Task directions: Your answer must be the exact lines below, starting with the line with "Homepop's Curved Top" and going on through the line with "バナー添削|ビフォーアフター【はじめてのフォトスタイリングレッスン】", both included, with no pictures.

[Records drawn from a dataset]
──────

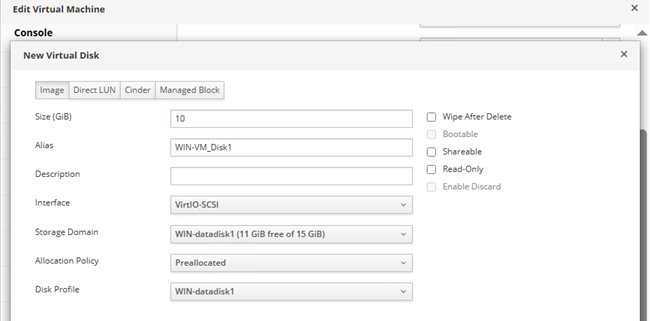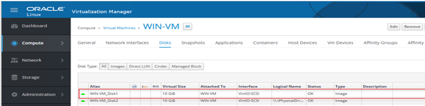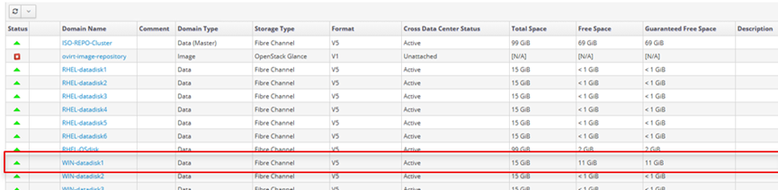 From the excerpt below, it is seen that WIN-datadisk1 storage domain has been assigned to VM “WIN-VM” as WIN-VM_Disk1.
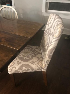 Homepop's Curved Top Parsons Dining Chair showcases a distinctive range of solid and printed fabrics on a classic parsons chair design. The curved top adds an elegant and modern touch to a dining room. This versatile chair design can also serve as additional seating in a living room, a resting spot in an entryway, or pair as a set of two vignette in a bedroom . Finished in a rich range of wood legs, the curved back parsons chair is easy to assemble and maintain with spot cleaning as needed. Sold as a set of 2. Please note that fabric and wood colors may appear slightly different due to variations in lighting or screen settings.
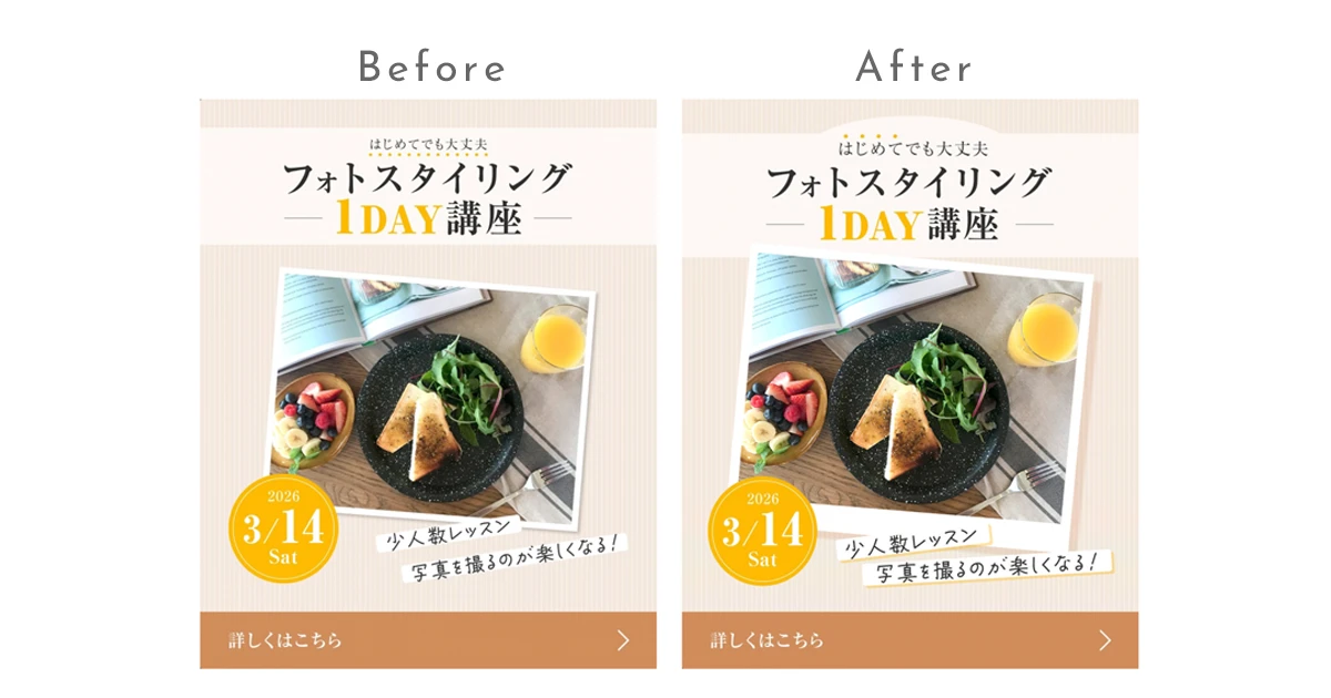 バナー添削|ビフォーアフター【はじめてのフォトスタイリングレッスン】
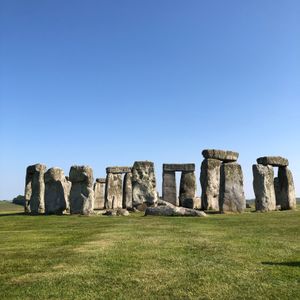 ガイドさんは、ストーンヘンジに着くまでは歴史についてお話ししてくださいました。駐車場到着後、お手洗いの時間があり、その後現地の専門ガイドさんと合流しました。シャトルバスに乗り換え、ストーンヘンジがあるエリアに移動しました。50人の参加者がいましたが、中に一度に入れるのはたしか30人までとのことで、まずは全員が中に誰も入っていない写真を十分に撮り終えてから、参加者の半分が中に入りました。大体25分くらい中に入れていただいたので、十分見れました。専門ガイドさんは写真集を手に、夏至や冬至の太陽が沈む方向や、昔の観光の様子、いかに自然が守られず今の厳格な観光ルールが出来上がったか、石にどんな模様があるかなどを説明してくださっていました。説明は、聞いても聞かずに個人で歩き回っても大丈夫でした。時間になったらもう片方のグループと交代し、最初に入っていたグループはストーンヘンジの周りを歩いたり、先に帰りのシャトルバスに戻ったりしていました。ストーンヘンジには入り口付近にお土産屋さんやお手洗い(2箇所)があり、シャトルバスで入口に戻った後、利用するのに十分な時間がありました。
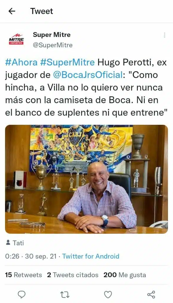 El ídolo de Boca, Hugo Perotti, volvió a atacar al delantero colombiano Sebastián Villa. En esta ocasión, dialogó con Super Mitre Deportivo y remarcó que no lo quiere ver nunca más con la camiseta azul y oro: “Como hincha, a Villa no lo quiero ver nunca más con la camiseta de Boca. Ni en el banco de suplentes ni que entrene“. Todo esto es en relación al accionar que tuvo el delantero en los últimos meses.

──────

Task output:
 Homepop's Curved Top Parsons Dining Chair showcases a distinctive range of solid and printed fabrics on a classic parsons chair design. The curved top adds an elegant and modern touch to a dining room. This versatile chair design can also serve as additional seating in a living room, a resting spot in an entryway, or pair as a set of two vignette in a bedroom . Finished in a rich range of wood legs, the curved back parsons chair is easy to assemble and maintain with spot cleaning as needed. Sold as a set of 2. Please note that fabric and wood colors may appear slightly different due to variations in lighting or screen settings.
 バナー添削|ビフォーアフター【はじめてのフォトスタイリングレッスン】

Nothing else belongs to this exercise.